Goldman Sachs vient de fournir aux investisseurs technologiques asiatiques une nouvelle raison de se sentir justifiés. L'équipe stratégie actions de la banque, dirigée par Timothy Moe, a relevé son objectif sur 12 mois pour l'indice MSCI Asia Pacific ex-Japan à 1 080, contre 990 précédemment, ce qui implique une hausse potentielle d'environ 17,2 % par rapport aux niveaux du début juin.
Le catalyseur est familier, mais de plus en plus difficile à ignorer : la demande en matériel lié à l'IA accélère les bénéfices dans toute l'Asie du Nord, et Goldman estime que le rallye a encore de la marge pour progresser.
Les chiffres derrière la mise à jour
La cible révisée de Goldman n’est pas intervenue dans le vide. La banque a simultanément relevé la notation des actions de Taïwan en « surpondérer » et augmenté sa cible pour le KOSPI en Corée du Sud de 9 000 à 12 000. Ce pronostic pour la Corée du Sud implique une hausse spectaculaire de 36,3 %.
Les révisions des bénéfices sous-jacentes à ces prévisions sont véritablement remarquables. Goldman a relevé sa prévision de croissance des BPA pour 2026 de l'indice MSCI Emerging Markets de 45 % à 55 %, une révision motivée presque entièrement par la demande attendue pour le matériel d'IA. La croissance des bénéfices projetée pour l'Asie du Nord en 2026 est bien supérieure à la moyenne régionale.
Au début de juin, l'indice MSCI Asie-Pacifique hors Japon avait augmenté de 27 % depuis le début de l'année. Toutefois, en éliminant la Corée du Sud et Taïwan, le reste de la région était en baisse de 4 %.

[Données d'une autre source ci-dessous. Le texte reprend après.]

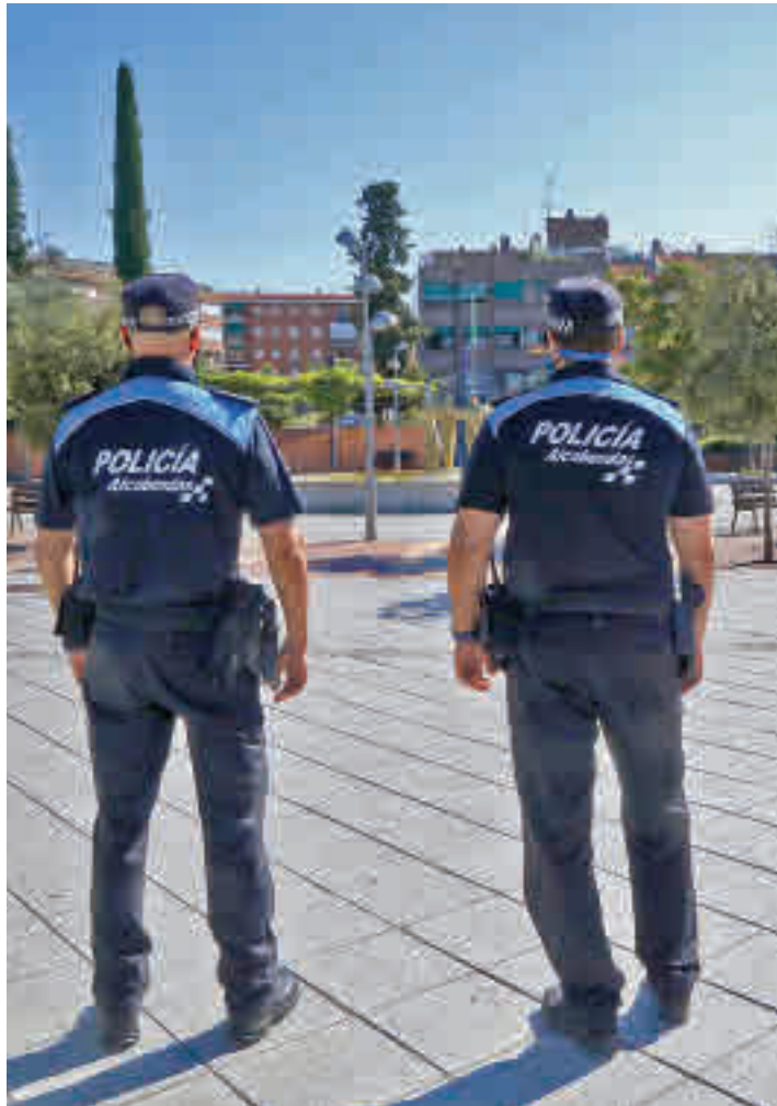
Habrà más agentes patrullando

EL PLAN TAMBIÉN INCLUYE LA INICIATIVA 'VACACIONES SEGURAS'
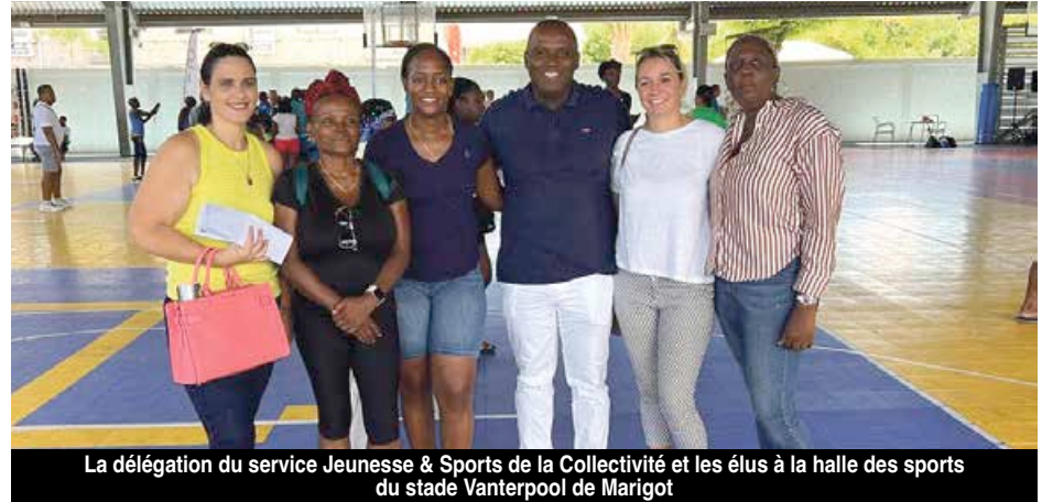
La délégation du service Jeunesse & Sports de la Collectivité et les élus à la halle des sports du stade Vanterpool de Marigot

Le club recherche actuellement des volontaires pour les postes de coach/entraîneurs et assistants, arbitre, officiel de table de marque. Des formations diplômantes seront organisées par le Comité Territorial de Basketball des îles du nord (CTBIN) tout au long de la saison sportive 2022-2023 afin de consolider le staff technique du club.
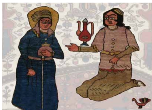
تصویر ۳: فیگورهای انسانی بخش میانی تصویر قالیچه بختیاری هینه‌گان (نگارندگان).

دو فیگور دیگر با جثه بزرگ‌تر و در قسمت میانی تصویر حضور دارند که یکی ایستاده با لباس آبی‌رنگ، ظرفی در دست دارد و هاله‌ای نورانی چهره‌اش را در برگرفته و دیگری، در حالت نشسته او را مورد خطاب قرار داده و در کنار دستش یک صراحی قرمز رنگ وجود دارد. با توجه به اندازه فیگورها در مقایسه با فیگورهای بخش پایینی تصویر، چنین به نظر می‌رسد که دو فیگور کوچک‌تر، فیگورهای کودکان هستند (تصویر ۳).
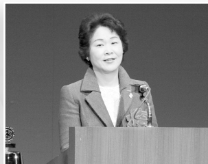
◀ 吉村美栄子山形県知事より御祝辞
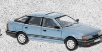
Ford Scorpio GL , blau-met., 1985 Nr. PCX870459 22.95 € ▲
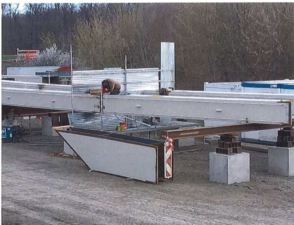
Predmontáž oblúkov mosta na pomocnej platforme – SO 12-33-04
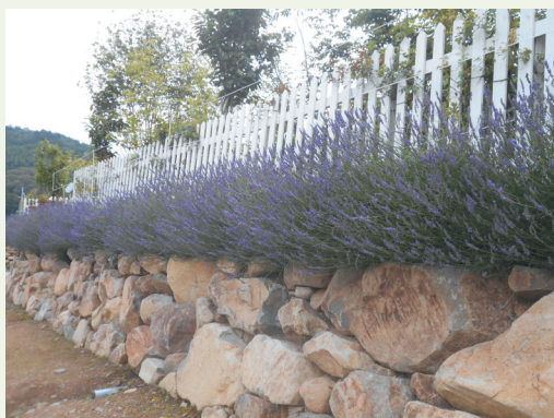
6月から7月にかけてラベンダーが咲く

東日本大震災の復興プロジェクトで開設され、今は約80種のバラと15種のハーブが栽培されている。夏に最盛期を迎えるハーブはラベンダーやセージ、ナススタチュム、レモンバーベナなど。園内のカフェではハーブティーで一息つける。自家栽培のハーブを使ったスブレールなども販売。要予約で香り袋の制作(700円)ができる。
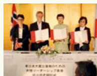
「東日本大震災復興のための女性 リーダーシップ基金」協力協定調印式
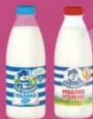
Молоко "Простоквашино", топленое 3,2%, 930 мл, отборное 3,4-4,5%, 930 мл, 2,5% 930 мл
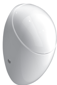
SLP 24 - ALESSI cu capac
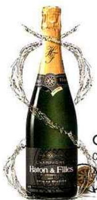
CHAMPAGNE HATON Cuvée Carte Blanche A La Cavavin • Lorient et à La Cave De Bellevue • Larmor-Plage
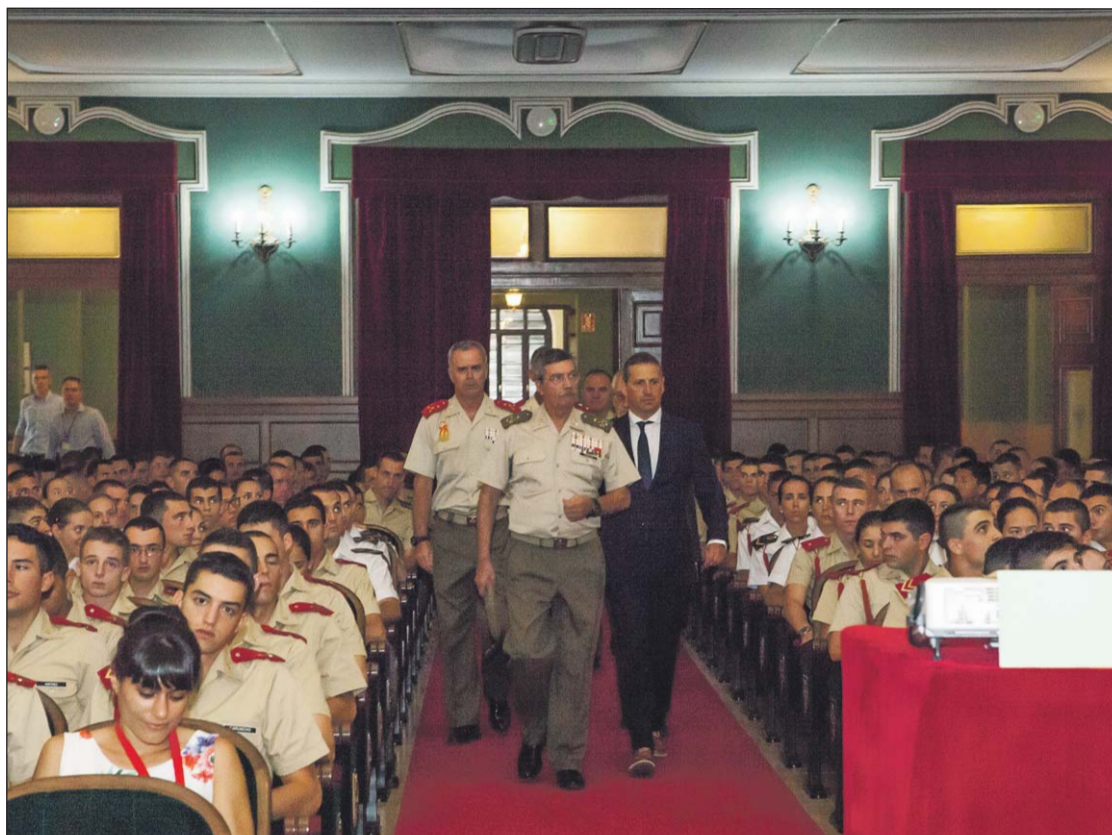
Los cadetes conocieron las características del entorno operativo futuro.

Como norma general, la experimentación de la BRG II, se desarrollará en el CMT de "Álvarez de Sotomayor" y CMT de las "Navetas". Las actividades de experimentación se dirigirán fundamentalmente, con un enfoque integral, cooperati-
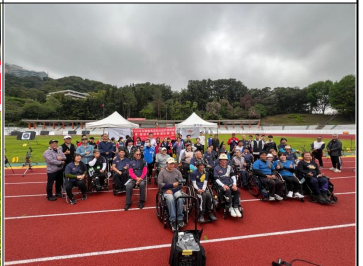
開幕典禮-長官們與選手合影
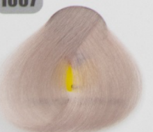
روشن کننده نسکافه ای
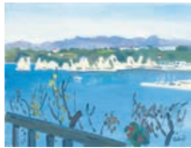
中村琢二「冬の小網代」 (昭和62年) 福岡県立美術館蔵
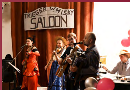
Orelsko-farní maškarní ples 31. 1. 2026

Zadní strana: Představení dětí připravujících se ke svátostem 15. 2. 2026
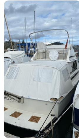
Bertram 35 cockpit cover
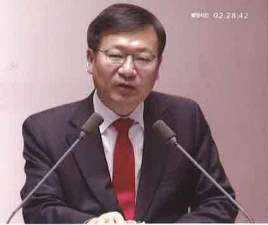
공수처 반대 필리버스터(12.28)
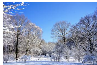
<春夏秋冬、一年を通して、赤城自然園は豊かな彩りに包まれます>
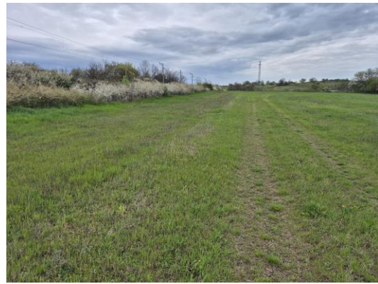
25-26. kép: A 12. kutatási terület ÉK-ről DNy felé és É-ről K felé fotózva
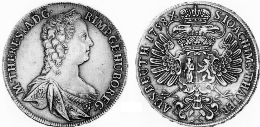
Výtěžkový tolar Marie Terezie z jáchymovského stříbra ražený v pražské mincovně roku 1758, stříbro, průměr 41 mm

z let 1717 a 1718 a Marie Terezie (1740-1780) s ročníky 1758 a 1759, na jejichž rubu jsou přímo opisové texty S.IOACHIMBSTALISCHE AUSBEUT THALER nebo S.IOACHIMS.THALER AUSBEUTH - svatojáchymovský výtěžkový tolar. 7
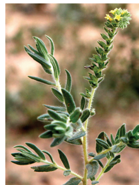
14 Euploca salicoides
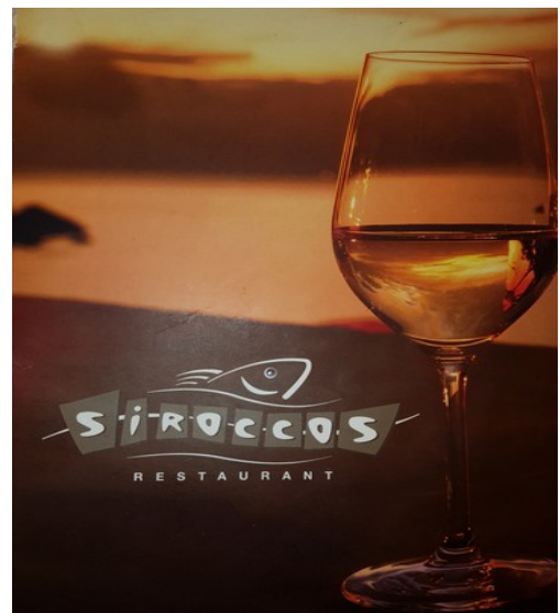
Forsiden på menyen.

Pourquoi le matériel IA est le moteur
L'écosystème des semi-conducteurs de Taïwan, ancré sur des fonderies produisant les puces avancées qui alimentent l'entraînement et l'inférence de l'IA, est devenu sans doute la chaîne d'approvisionnement la plus stratégiquement importante de la planète. Les fabricants de puces mémoire de Corée du Sud, notamment SK Hynix et Samsung Electronics, produisent la mémoire à large bande passante consommée en quantités massives par les serveurs d'IA.
Moe de Goldman a réitéré sa position haussière sur le KOSPI aussi récemment que septembre 2026, affirmant que la hausse de la demande pour les puces mémoire devrait se prolonger jusqu'en 2028 et au-delà.
Un récit de deux Asies
Le risque de concentration intégré à cette hausse mérite une attention particulière. Un gain de 27 % depuis le début de l'année pour l'indice global semble impressionnant, jusqu'à ce que l'on réalise que la composante non technologique de l'Asie hors Japon enregistre toujours des pertes. Les marchés d'Asie du Sud-Est, certaines parties de l'Asie du Sud et d'autres segments de la région n'ont pas participé à la poussée stimulée par l'IA.
Les puces mémoire ont en particulier une longue histoire de cycles de boom et de krach. L'analyse de Goldman selon laquelle ce cycle se prolongera jusqu'en 2028 repose sur l'hypothèse que la croissance de la demande liée à l'IA dépassera les augmentations de capacité pendant au moins deux ans supplémentaires.
Lorsqu'une banque influencée par Goldman signale une surpondération sur Taïwan et augmente son objectif pour la Corée du Sud de 36,3 %, cela tend à déplacer les allocations dans le paysage institutionnel.